Jordanian official says the talks in Red Sea port of Aqaba is part of an effort to halt ‘a security breakdown that could fuel more violence’.

Jordan is set to host a meeting between top Israeli and Palestinian officials in a bid to halt a surge in deadly violence in the occupied West Bank that has stoked fears of a wider escalation, according to officials.

The meeting on Sunday will be held in the Red Sea port of Aqaba and will be attended by representatives from the United States and Egypt.
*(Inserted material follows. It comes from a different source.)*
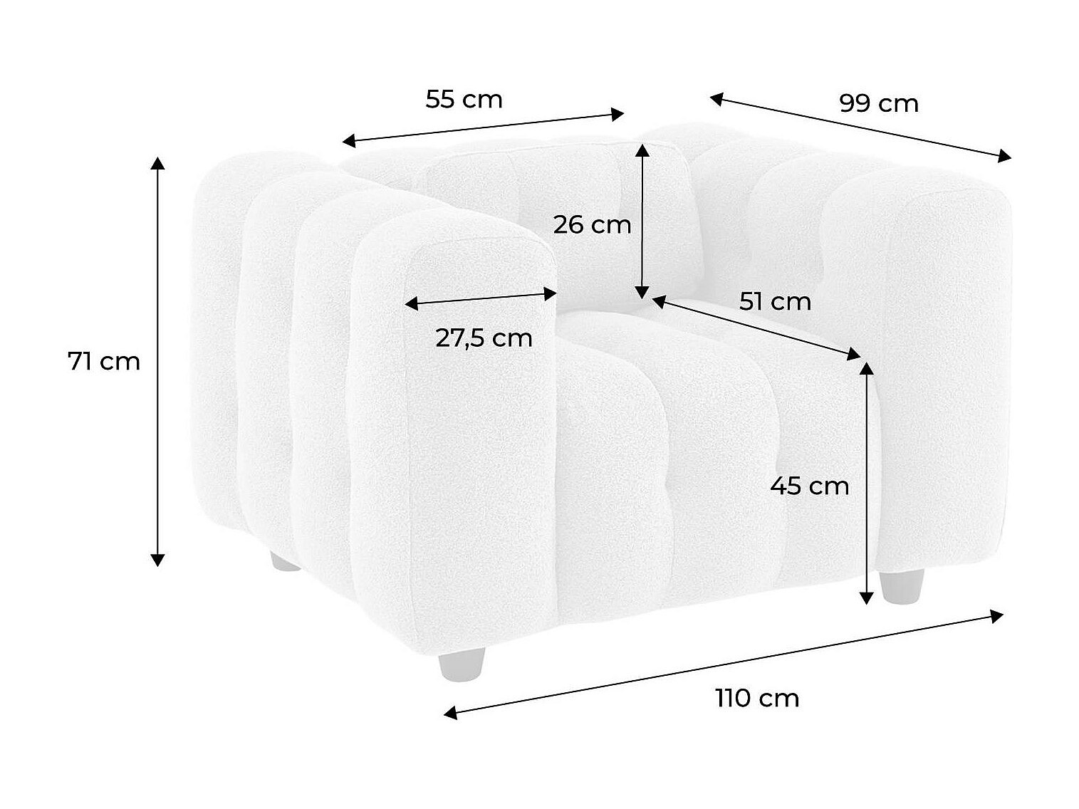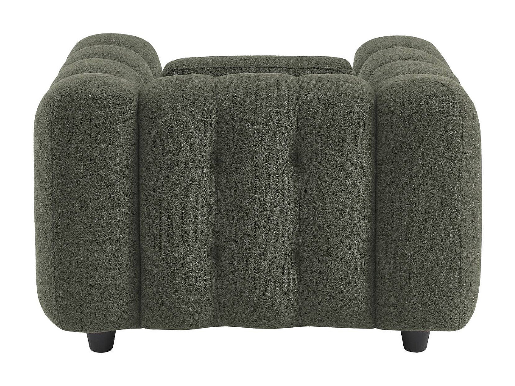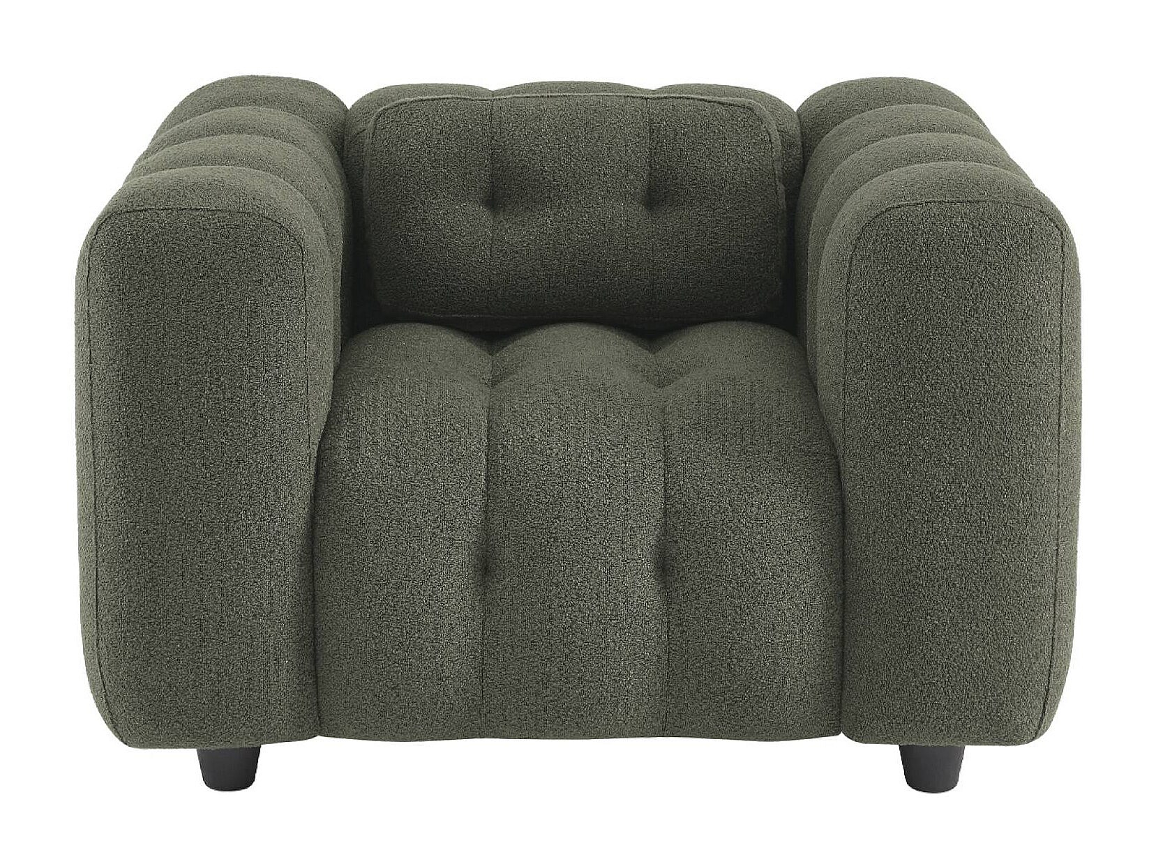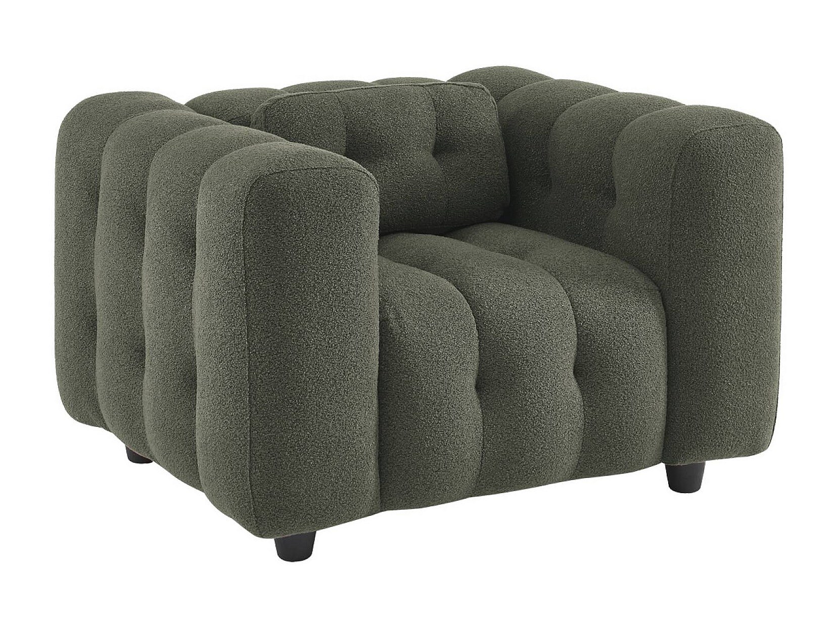 Fauteuil 1 place en bouclette texturée capitonné kaki foncé structure bois d'eucalyptus et contreplaqué

The planned talks come days after Israeli forces carried out a raid in the occupied West Bank city of Nablus that killed 11 Palestinians. The death toll in Wednesday’s raid was the highest since the second Intifada of 2000-2005.

The intensifying violence has killed 62 Palestinian adults and children since the start of this year. Ten Israelis and a Ukrainian tourist have died in the same period. The United Nations meanwhile said last year was the deadliest period for Palestinians in the occupied West Bank since 2006, with Israeli forces killing 171 Palestinians, including 30 children, in that period.

A Jordanian government official, speaking to the AFP news agency, said Sunday’s “political-security meeting is part of stepped-up ongoing efforts by Jordan in coordination with the Palestinian Authority and other parties to end unilateral measures [by Israel] and a security breakdown that could fuel more violence”.

The talks aim to agree “security and economic measures to ease the hardships of the Palestinian people,” said the official, who requested anonymity.

The Reuters news agency quoted an unnamed Jordanian official as also saying that “such a meeting has not happened in years … It’s a major achievement to get them together.”

Earlier this month, Jordan’s King Abdullah met US President Joe Biden and held talks with his Middle East envoy Brett McGurk in which Washington — a staunch ally of Israel, Egypt and Jordan — warned of the threats to regional security and lobbied for a resumption of stalled talks on Palestinian statehood. McGurk is set to take part in Sunday’s meeting, according to officials.

King Abdullah also met Israeli Prime Minister Benjamin Netanyahu in Jordan’s capital, Amman, in January.

The king stressed “the need to maintain calm and cease all acts of violence”, the royal palace said at the time.

Abdullah also reaffirmed Jordan’s position in support of a two-state solution between Israel and the Palestinians to end the decades-old conflict.

Jordan has been concerned about stepped-up Jewish settlement building, and has accused Israel of trying to change the status quo in Jerusalem’s holy sites. Israel denies the allegation.

Israel captured the West Bank, East Jerusalem and the Gaza Strip in the 1967 Middle East war, territories the Palestinians seek for an independent state.

Palestinian statehood talks have been stalled for almost a decade.